This section provides an overview of the sales distribution across different product categories. Sales were grouped by department and sorted to highlight the categories generating the highest revenue. A bar chart presents the Total Sales by Product Category, showing notable variations in sales by department.

sales_by_category <- clean_data %>%
  group_by(department) %>%
  summarize(total_sales = sum(sales_value, na.rm = TRUE)) %>%
  arrange(desc(total_sales))

ggplot(sales_by_category, aes(x = reorder(department, -total_sales), y = total_sales)) +
  geom_bar(stat = "identity", fill = "steelblue") +
  coord_flip() +
  labs(title = "Total Sales by Product Category", x = "Product Category", y = "Total Sales")

Top 10 Most Purchased Products

This analysis identifies the top 10 most purchased product categories, ranked by total sales. The data was grouped by product category and sorted to highlight the categories generating the highest revenue. A bar chart titled Top 10 Most Purchased Products presents the findings, providing a clear view of which products contribute the most to overall sales. This insight is useful for focusing marketing and stocking efforts on the most popular product lines​

top_products <- clean_data %>%
  group_by(product_category) %>%
  summarize(total_sales = sum(sales_value, na.rm = TRUE)) %>%
  arrange(desc(total_sales)) %>%
  top_n(10)

ggplot(top_products, aes(x = reorder(product_category, -total_sales), y = total_sales)) +
  geom_bar(stat = "identity", fill = "steelblue",width=.5) +
  coord_flip() +
  labs(title = "Top 10 Most Purchased Products", x = "Product", y = "Total Sales")

Analyzing Sales by Retail Discount (retail_disc)

This analysis focuses on sales impact from retail discounts. Data was filtered to include only relevant discounts, followed by categorizing the retail discount range into bins. The results were plotted to show Total Sales by Binned Retail Discount, illustrating the sales distribution across discount ranges and helping to understand the most effective discount levels.

# Filter the data to remove very small or zero discounts
retail_sales_filtered <- clean_data %>%
  filter(retail_disc > 0.01) %>%
  group_by(retail_disc) %>%
  summarize(total_sales = sum(sales_value, na.rm = TRUE))
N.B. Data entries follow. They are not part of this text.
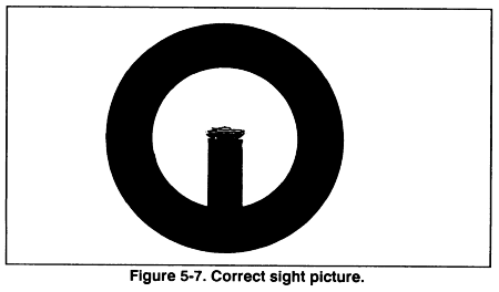 (3) The third step is to establish correct sight picture. To perform this task, the gunner adjusts the weapon until the top center of the front sight blade is bottom center of the intended target. Correct sight picture is a combination of sight alignment and placement of point of aim (Figure 5-7).
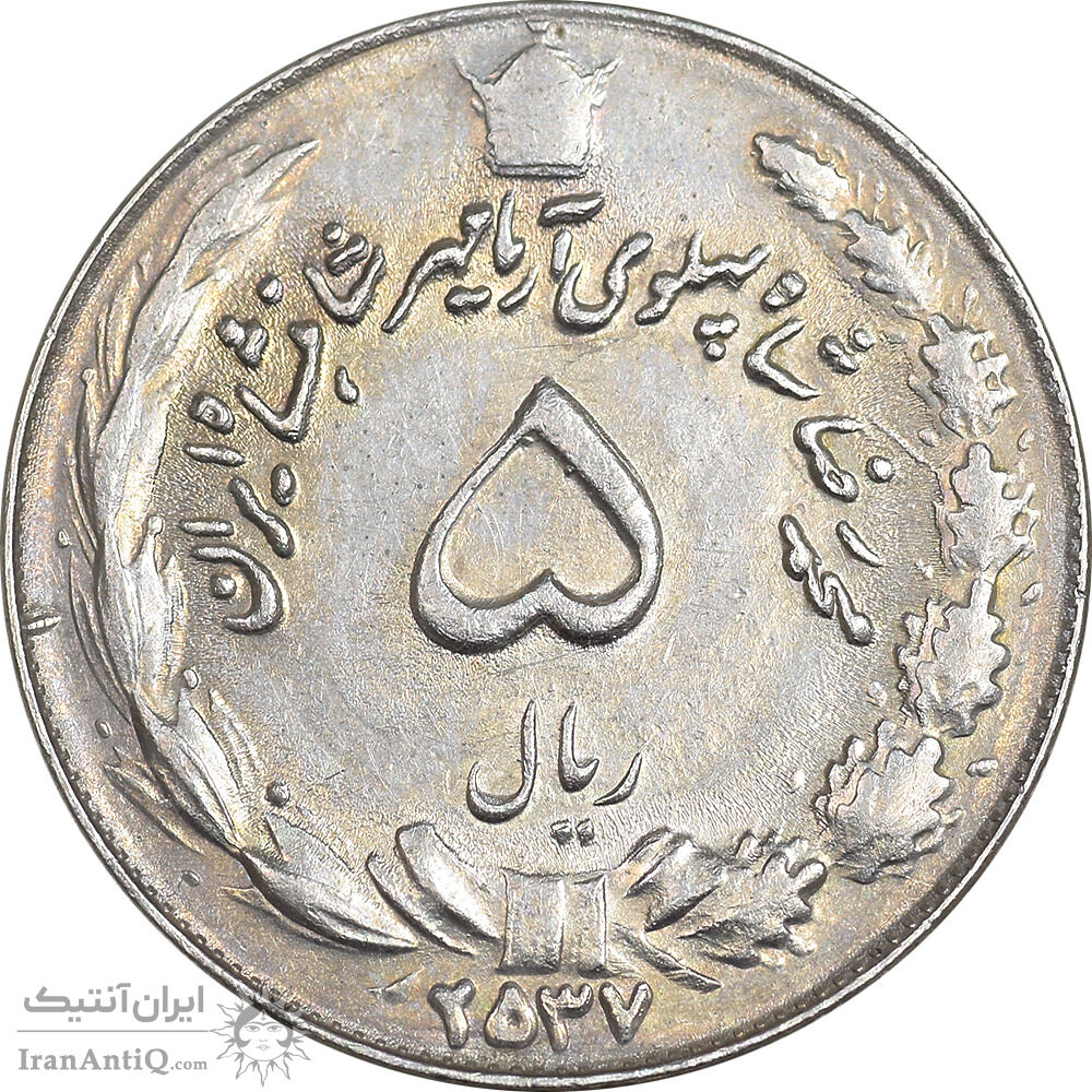 سکه 5 ریال 2537 آریامهر - AU50 - محمد رضا شاه
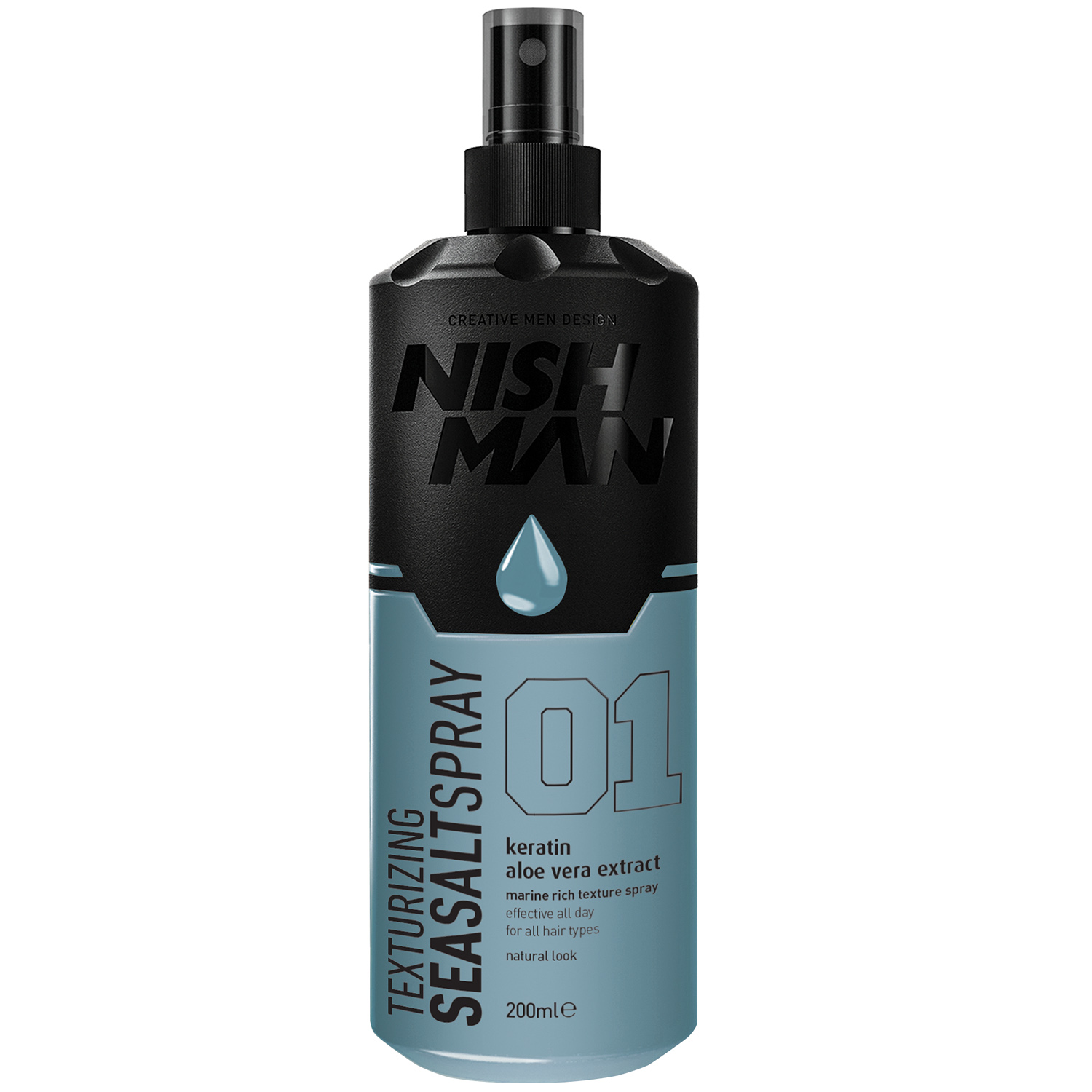 Nishman Texturizing Sea Salt Spray — это текстурирующий спрей для стилизации волос на основе морской соли и кератина. Спрей обеспечивает легкую фиксацию укладки в течение дня, придает прическе дополнительный объем, а также подчеркивает текстуру волос.
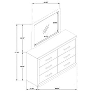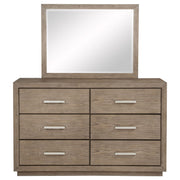 Put a timeless spin on bedroom decor with the refined flair of this modern six-drawer dresser. Designed for neutral appeal that blends into surrounding decor, it features a barley brown wood grain finish. Six drawer fronts are embellished with chrome finish bar pulls for a cohesive look with a touch of texture and depth. The dresser is augmented with a framed mirror on top, creating reflectivity in your bedroom and a spot for styling your daily looks. Add a jewelry box or valet and a bit of decor for a personal touch. Key Features: • Augment your bedroom with the easy, stylish storage featured in this modern six-drawer dresser • Barley brown finish is soft and neutral, offering a fresh palette for the decor of your choice • Six drawers of equal size provide ample storage for clothing, accessories and linens • Mitered trim adds dimension while chrome finish bar pulls complete the look • Recessed base lightens the look while a wide top with a framed mirror is ideal for personal decor

# Create binned retail discount ranges and customize labels
retail_sales_binned <- clean_data %>%
  mutate(retail_disc_bin = cut(retail_disc, breaks = seq(0, max(retail_disc, na.rm = TRUE), by = 1), include.lowest = TRUE)) %>%
  group_by(retail_disc_bin) %>%
  summarize(total_sales = sum(sales_value, na.rm = TRUE))

# Custom labels for the x-axis
custom_labels <- levels(retail_sales_binned$retail_disc_bin)  # Extract bin levels
custom_labels <- gsub("\\[|\\]|\\(|\\)", "", custom_labels)   # Remove all bracket characters
custom_labels <- gsub(",", " -", custom_labels)               # Replace comma with dash for clarity

# Plotting the binned data with customized labels
ggplot(retail_sales_binned, aes(x = retail_disc_bin, y = total_sales)) +
  geom_bar(stat = "identity", fill = "steelblue") +  # Updated color for better contrast
  labs(
    title = "Total Sales by Binned Retail Discount",
    subtitle = "Analysis of Sales Distribution by Discount Range",
    x = "Retail Discount Range (%)",
    y = "Total Sales (in $)"
  ) +
  theme_minimal(base_size = 12) +
  theme(
    axis.text.x = element_text(angle = 45, hjust = 1, size = 8), 
    axis.title = element_text(size = 13),
    plot.title = element_text(size = 16, face = "bold"),
    plot.subtitle = element_text(size = 12, face = "italic")
  ) +
  scale_x_discrete(labels = custom_labels) +  # Apply custom labels to the x-axis
  scale_y_continuous(labels = scales::comma)  # Adding comma separator for readability

Sales Trend Over Time

This analysis examines the trend of sales over time to identify periods of peak and low customer activity. The data was grouped by month to calculate total monthly sales, then plotted to visualize sales trends. This line graph illustrates Sales Trend Over Time, highlighting any seasonality or irregularities in purchasing behaviors. Identifying these trends aids in planning for seasonal promotions and adjusting inventory or staffing to meet demand fluctuations​

sales_trend <- clean_data %>%
  mutate(transaction_month = floor_date(transaction_timestamp, "month")) %>%
  group_by(transaction_month) %>%
  summarize(monthly_sales = sum(sales_value, na.rm = TRUE))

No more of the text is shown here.